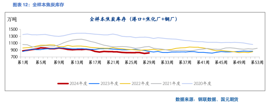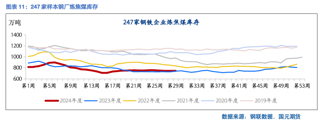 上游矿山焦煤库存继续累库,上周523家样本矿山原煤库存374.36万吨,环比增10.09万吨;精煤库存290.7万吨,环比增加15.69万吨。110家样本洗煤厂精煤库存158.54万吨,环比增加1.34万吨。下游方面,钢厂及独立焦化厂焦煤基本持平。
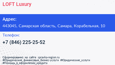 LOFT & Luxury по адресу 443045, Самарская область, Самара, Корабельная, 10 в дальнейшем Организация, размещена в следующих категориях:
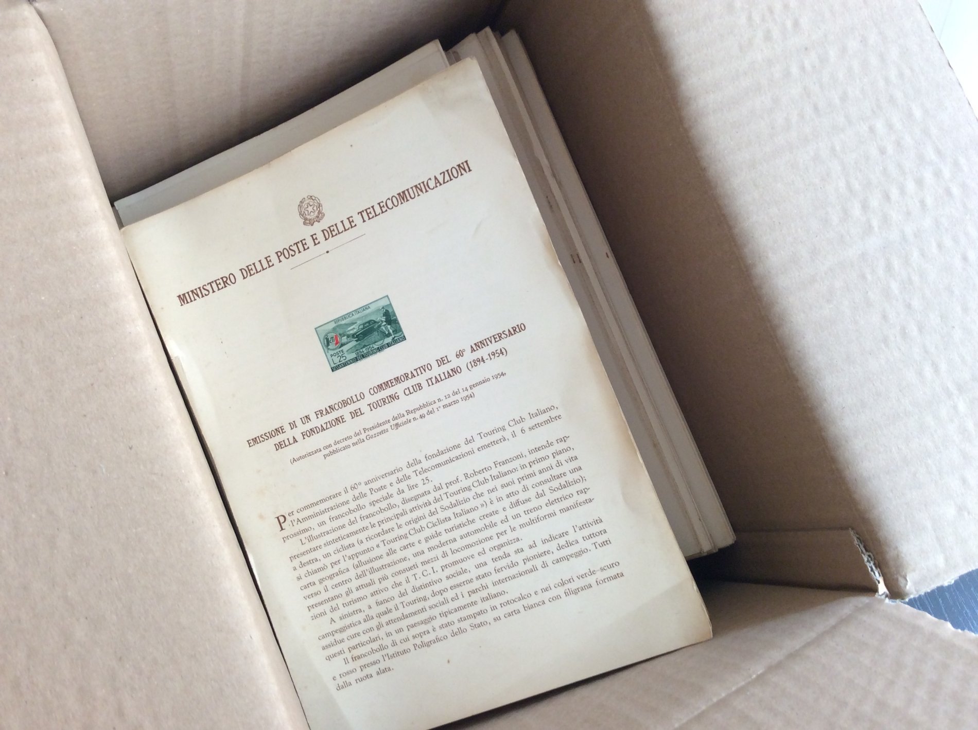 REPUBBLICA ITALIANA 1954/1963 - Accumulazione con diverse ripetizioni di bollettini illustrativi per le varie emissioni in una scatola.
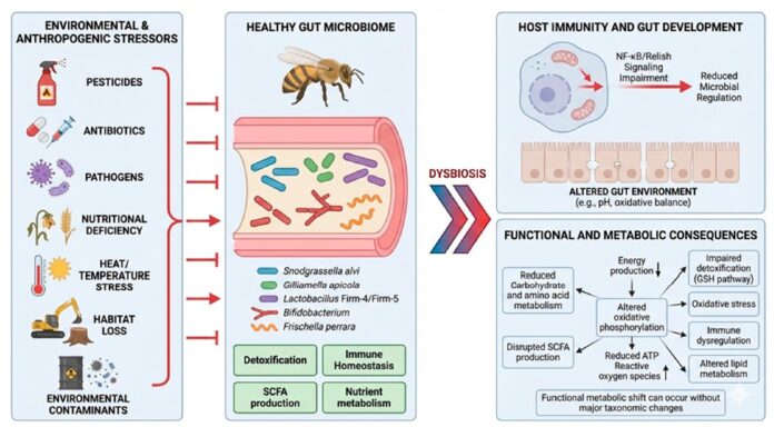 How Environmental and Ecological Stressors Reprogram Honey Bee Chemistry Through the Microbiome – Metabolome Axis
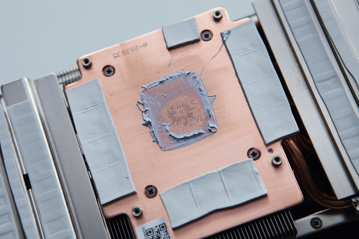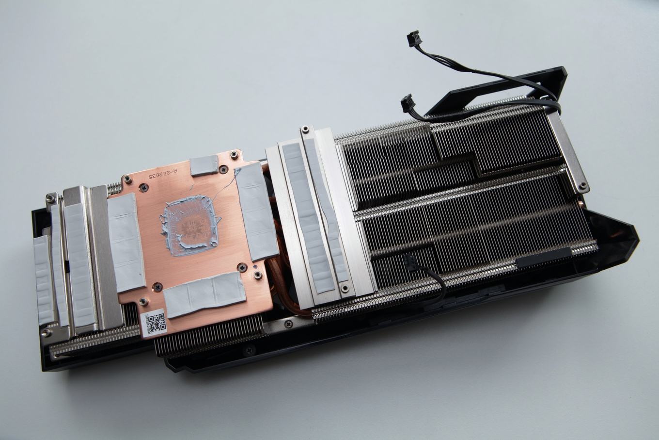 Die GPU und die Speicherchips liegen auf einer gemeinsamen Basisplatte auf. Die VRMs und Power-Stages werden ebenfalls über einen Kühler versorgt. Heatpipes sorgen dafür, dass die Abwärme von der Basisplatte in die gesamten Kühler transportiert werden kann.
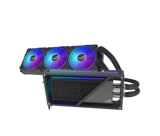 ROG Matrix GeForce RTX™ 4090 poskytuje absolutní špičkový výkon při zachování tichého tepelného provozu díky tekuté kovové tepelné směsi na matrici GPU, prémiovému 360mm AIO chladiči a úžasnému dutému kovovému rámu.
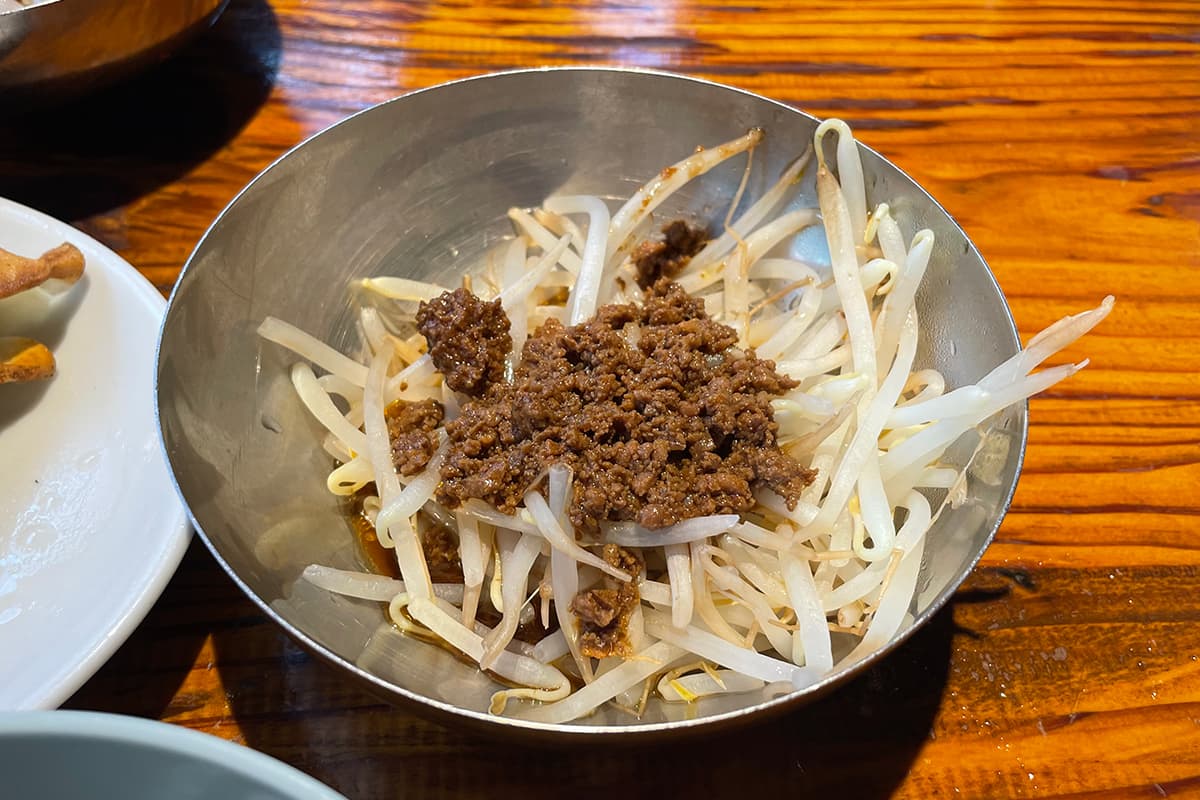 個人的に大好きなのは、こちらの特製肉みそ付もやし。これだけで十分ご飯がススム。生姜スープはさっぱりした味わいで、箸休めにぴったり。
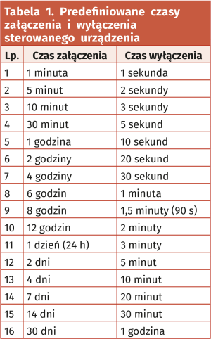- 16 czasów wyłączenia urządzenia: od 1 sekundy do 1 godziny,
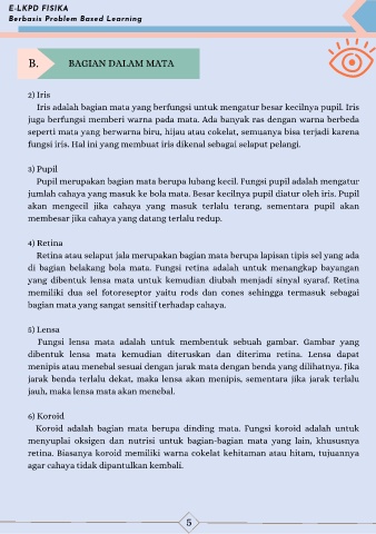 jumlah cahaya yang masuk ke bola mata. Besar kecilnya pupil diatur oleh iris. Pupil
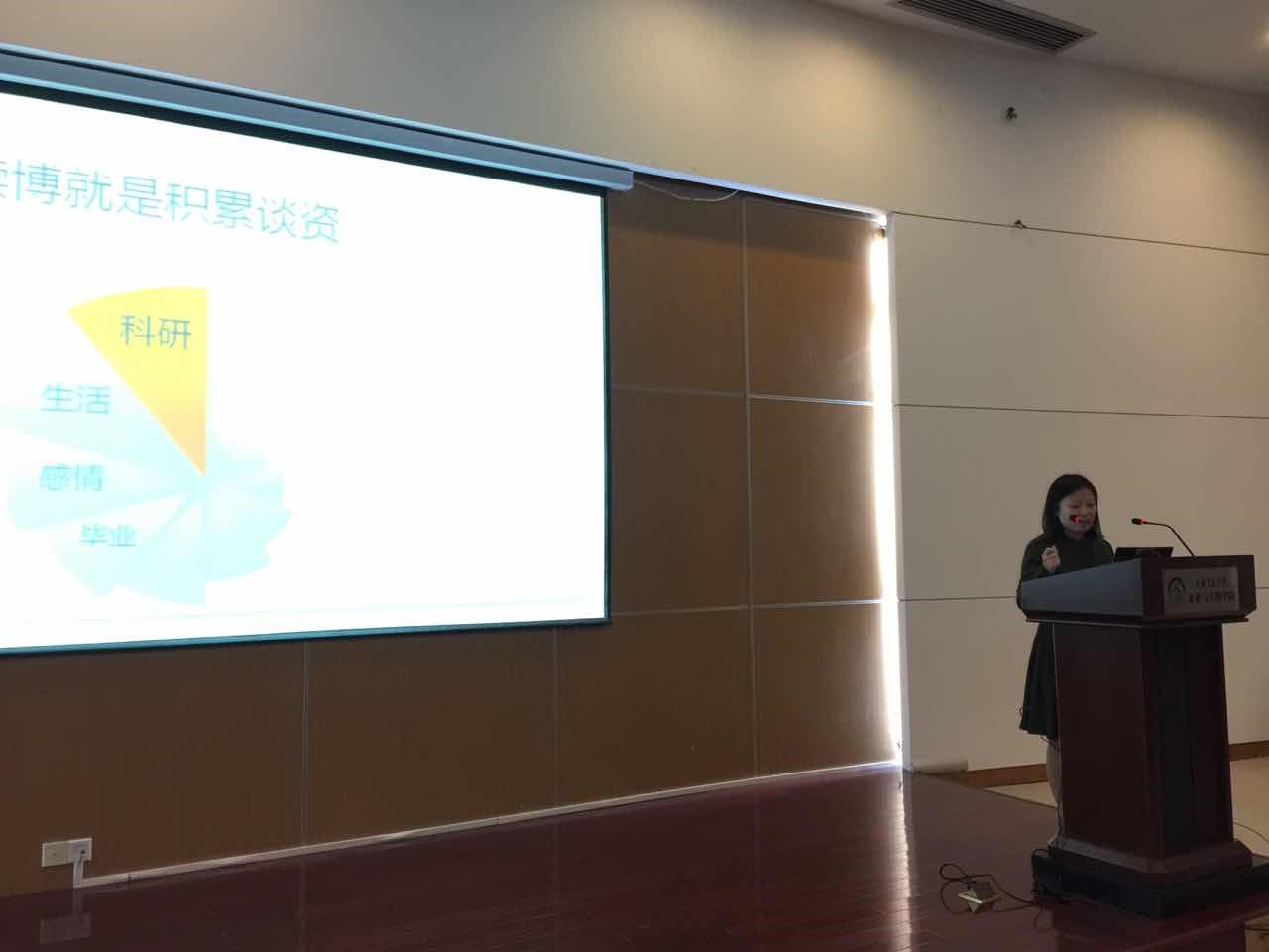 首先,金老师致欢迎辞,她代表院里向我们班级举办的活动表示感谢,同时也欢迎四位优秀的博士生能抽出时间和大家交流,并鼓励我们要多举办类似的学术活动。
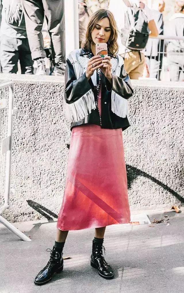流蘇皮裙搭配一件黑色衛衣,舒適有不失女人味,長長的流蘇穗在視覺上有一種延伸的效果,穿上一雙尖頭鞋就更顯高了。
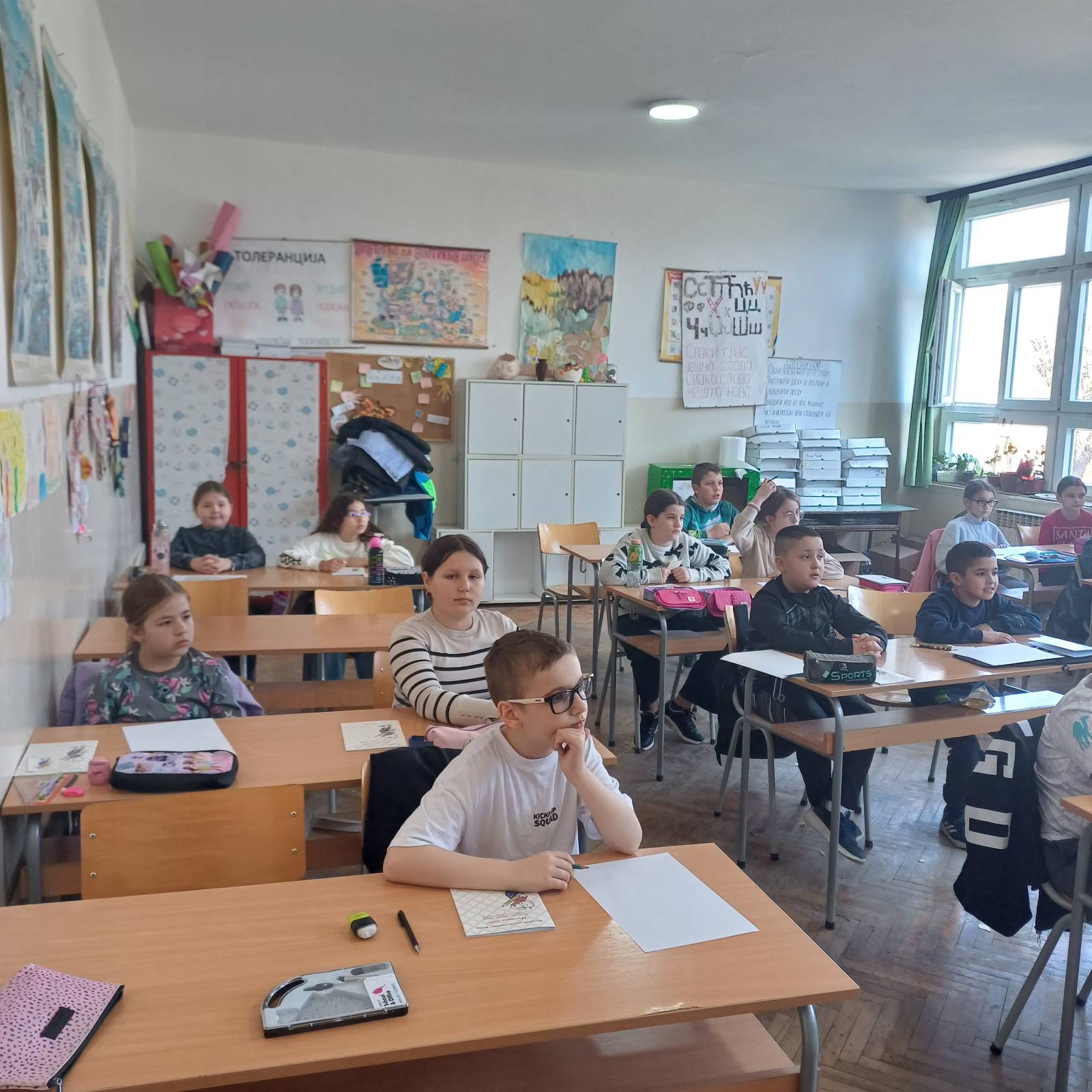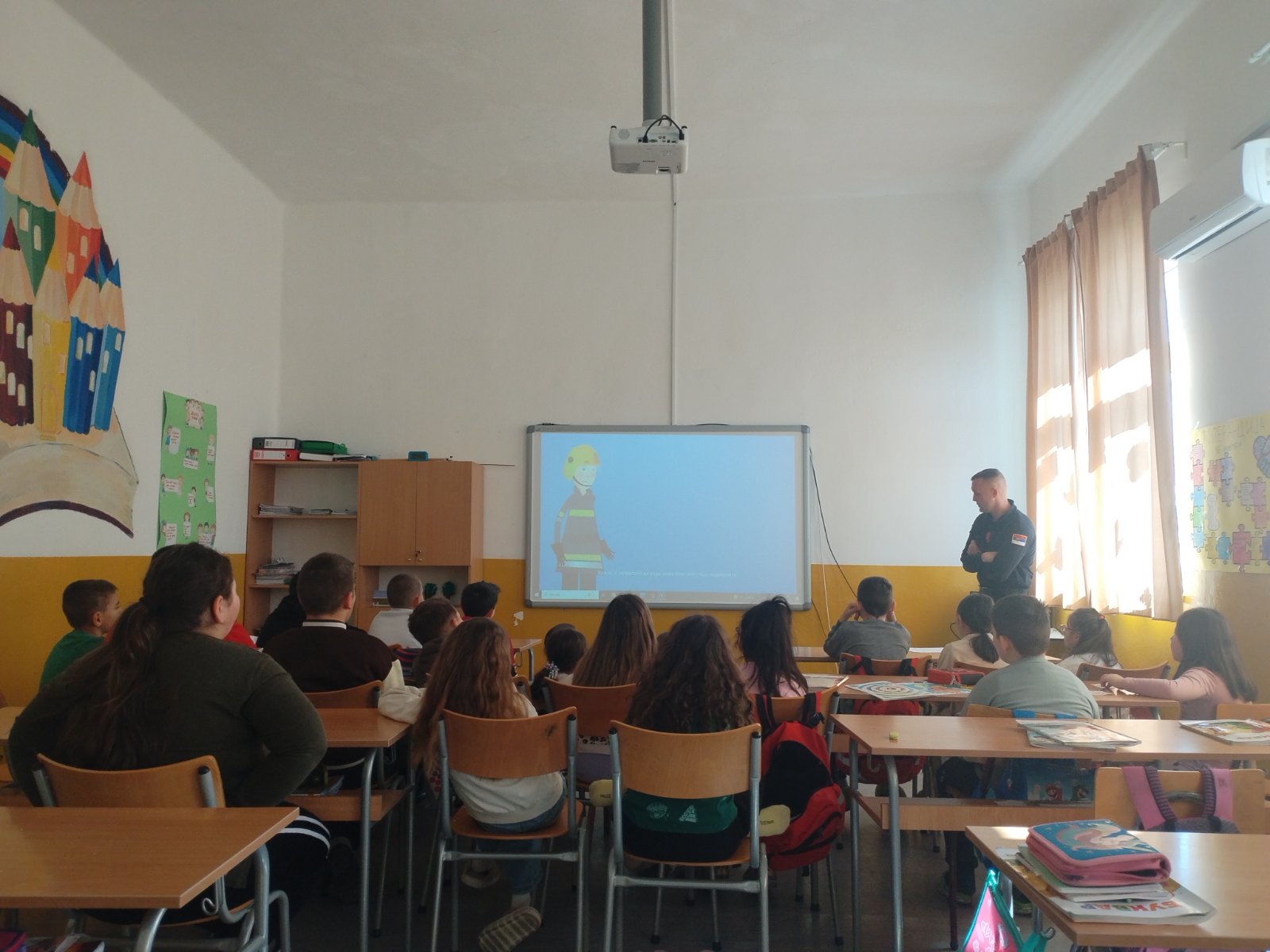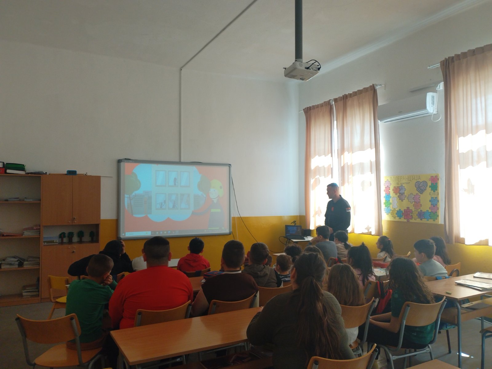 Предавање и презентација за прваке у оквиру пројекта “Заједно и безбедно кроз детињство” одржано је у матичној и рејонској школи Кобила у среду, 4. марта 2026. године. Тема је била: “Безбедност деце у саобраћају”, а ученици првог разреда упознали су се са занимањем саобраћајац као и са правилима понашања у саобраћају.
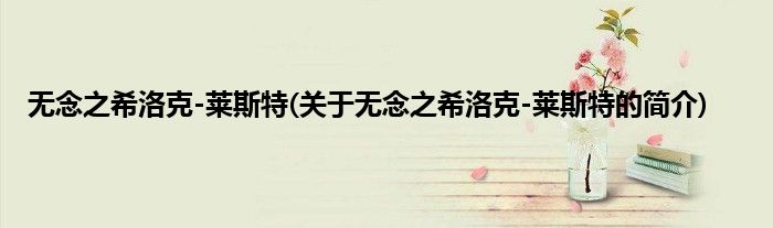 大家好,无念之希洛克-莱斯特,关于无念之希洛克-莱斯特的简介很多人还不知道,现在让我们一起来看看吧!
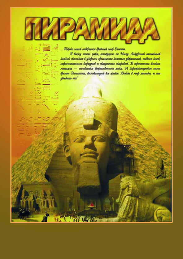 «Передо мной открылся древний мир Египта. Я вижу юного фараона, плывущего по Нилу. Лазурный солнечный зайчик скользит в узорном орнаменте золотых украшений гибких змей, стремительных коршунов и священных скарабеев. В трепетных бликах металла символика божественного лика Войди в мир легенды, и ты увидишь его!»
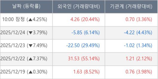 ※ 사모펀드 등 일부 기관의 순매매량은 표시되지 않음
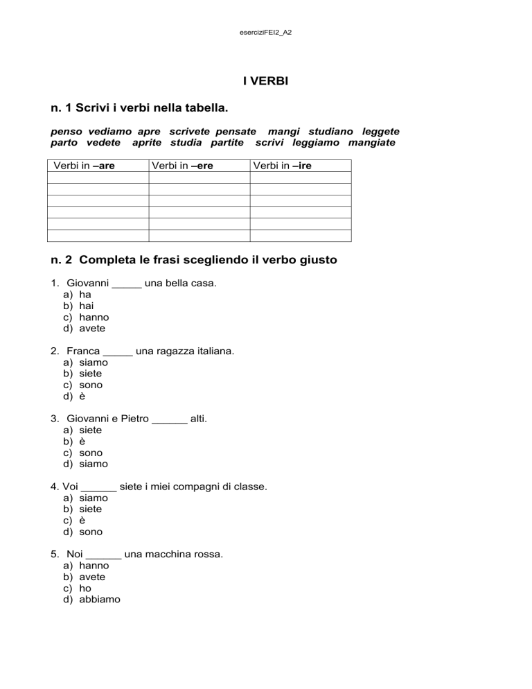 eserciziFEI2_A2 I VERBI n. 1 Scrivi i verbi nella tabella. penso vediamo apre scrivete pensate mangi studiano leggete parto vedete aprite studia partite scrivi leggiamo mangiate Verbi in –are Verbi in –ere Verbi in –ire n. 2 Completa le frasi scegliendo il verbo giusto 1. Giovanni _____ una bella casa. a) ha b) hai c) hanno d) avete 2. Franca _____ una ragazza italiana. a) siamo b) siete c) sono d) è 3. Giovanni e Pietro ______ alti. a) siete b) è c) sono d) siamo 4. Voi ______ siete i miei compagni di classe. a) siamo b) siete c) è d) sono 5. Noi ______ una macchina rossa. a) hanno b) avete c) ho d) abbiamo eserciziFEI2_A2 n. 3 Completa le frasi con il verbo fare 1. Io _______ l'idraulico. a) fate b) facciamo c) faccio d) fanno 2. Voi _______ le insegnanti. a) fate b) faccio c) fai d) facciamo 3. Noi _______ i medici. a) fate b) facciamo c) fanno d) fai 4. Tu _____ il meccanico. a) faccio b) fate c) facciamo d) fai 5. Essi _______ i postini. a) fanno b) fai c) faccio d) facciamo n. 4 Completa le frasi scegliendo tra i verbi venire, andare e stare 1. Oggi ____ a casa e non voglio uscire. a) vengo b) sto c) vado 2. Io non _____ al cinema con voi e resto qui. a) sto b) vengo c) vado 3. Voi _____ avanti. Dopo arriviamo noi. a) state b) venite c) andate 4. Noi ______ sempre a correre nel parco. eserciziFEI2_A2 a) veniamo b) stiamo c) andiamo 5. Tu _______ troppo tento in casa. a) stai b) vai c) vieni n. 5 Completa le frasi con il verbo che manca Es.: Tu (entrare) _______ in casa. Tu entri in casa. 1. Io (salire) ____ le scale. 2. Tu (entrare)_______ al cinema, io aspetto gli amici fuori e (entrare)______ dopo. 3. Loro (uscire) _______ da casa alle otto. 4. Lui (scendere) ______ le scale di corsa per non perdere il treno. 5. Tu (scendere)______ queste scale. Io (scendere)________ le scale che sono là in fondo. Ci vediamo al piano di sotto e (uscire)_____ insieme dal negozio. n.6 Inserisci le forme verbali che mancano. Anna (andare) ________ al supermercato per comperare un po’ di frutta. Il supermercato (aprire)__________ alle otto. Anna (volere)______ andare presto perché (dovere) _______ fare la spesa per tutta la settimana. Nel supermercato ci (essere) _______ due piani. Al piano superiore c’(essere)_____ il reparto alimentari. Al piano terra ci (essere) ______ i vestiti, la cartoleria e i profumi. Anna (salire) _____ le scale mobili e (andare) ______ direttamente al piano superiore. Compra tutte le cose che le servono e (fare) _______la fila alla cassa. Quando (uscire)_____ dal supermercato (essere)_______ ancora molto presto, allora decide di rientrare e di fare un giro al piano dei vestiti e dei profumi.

**Directions:**
Exact lines only, please. Repeat everything from the top of the records through the line containing "순매매량은 표시되지 않음", both ends in and pictures out.

**Task solution:**
 上游矿山焦煤库存继续累库,上周523家样本矿山原煤库存374.36万吨,环比增10.09万吨;精煤库存290.7万吨,环比增加15.69万吨。110家样本洗煤厂精煤库存158.54万吨,环比增加1.34万吨。下游方面,钢厂及独立焦化厂焦煤基本持平。
 LOFT & Luxury по адресу 443045, Самарская область, Самара, Корабельная, 10 в дальнейшем Организация, размещена в следующих категориях:
 REPUBBLICA ITALIANA 1954/1963 - Accumulazione con diverse ripetizioni di bollettini illustrativi per le varie emissioni in una scatola.
 How Environmental and Ecological Stressors Reprogram Honey Bee Chemistry Through the Microbiome – Metabolome Axis
 Die GPU und die Speicherchips liegen auf einer gemeinsamen Basisplatte auf. Die VRMs und Power-Stages werden ebenfalls über einen Kühler versorgt. Heatpipes sorgen dafür, dass die Abwärme von der Basisplatte in die gesamten Kühler transportiert werden kann.
 ROG Matrix GeForce RTX™ 4090 poskytuje absolutní špičkový výkon při zachování tichého tepelného provozu díky tekuté kovové tepelné směsi na matrici GPU, prémiovému 360mm AIO chladiči a úžasnému dutému kovovému rámu.
 個人的に大好きなのは、こちらの特製肉みそ付もやし。これだけで十分ご飯がススム。生姜スープはさっぱりした味わいで、箸休めにぴったり。
- 16 czasów wyłączenia urządzenia: od 1 sekundy do 1 godziny,
 jumlah cahaya yang masuk ke bola mata. Besar kecilnya pupil diatur oleh iris. Pupil
 首先,金老师致欢迎辞,她代表院里向我们班级举办的活动表示感谢,同时也欢迎四位优秀的博士生能抽出时间和大家交流,并鼓励我们要多举办类似的学术活动。
流蘇皮裙搭配一件黑色衛衣,舒適有不失女人味,長長的流蘇穗在視覺上有一種延伸的效果,穿上一雙尖頭鞋就更顯高了。
 Предавање и презентација за прваке у оквиру пројекта “Заједно и безбедно кроз детињство” одржано је у матичној и рејонској школи Кобила у среду, 4. марта 2026. године. Тема је била: “Безбедност деце у саобраћају”, а ученици првог разреда упознали су се са занимањем саобраћајац као и са правилима понашања у саобраћају.
 大家好,无念之希洛克-莱斯特,关于无念之希洛克-莱斯特的简介很多人还不知道,现在让我们一起来看看吧!
 «Передо мной открылся древний мир Египта. Я вижу юного фараона, плывущего по Нилу. Лазурный солнечный зайчик скользит в узорном орнаменте золотых украшений гибких змей, стремительных коршунов и священных скарабеев. В трепетных бликах металла символика божественного лика Войди в мир легенды, и ты увидишь его!»
 ※ 사모펀드 등 일부 기관의 순매매량은 표시되지 않음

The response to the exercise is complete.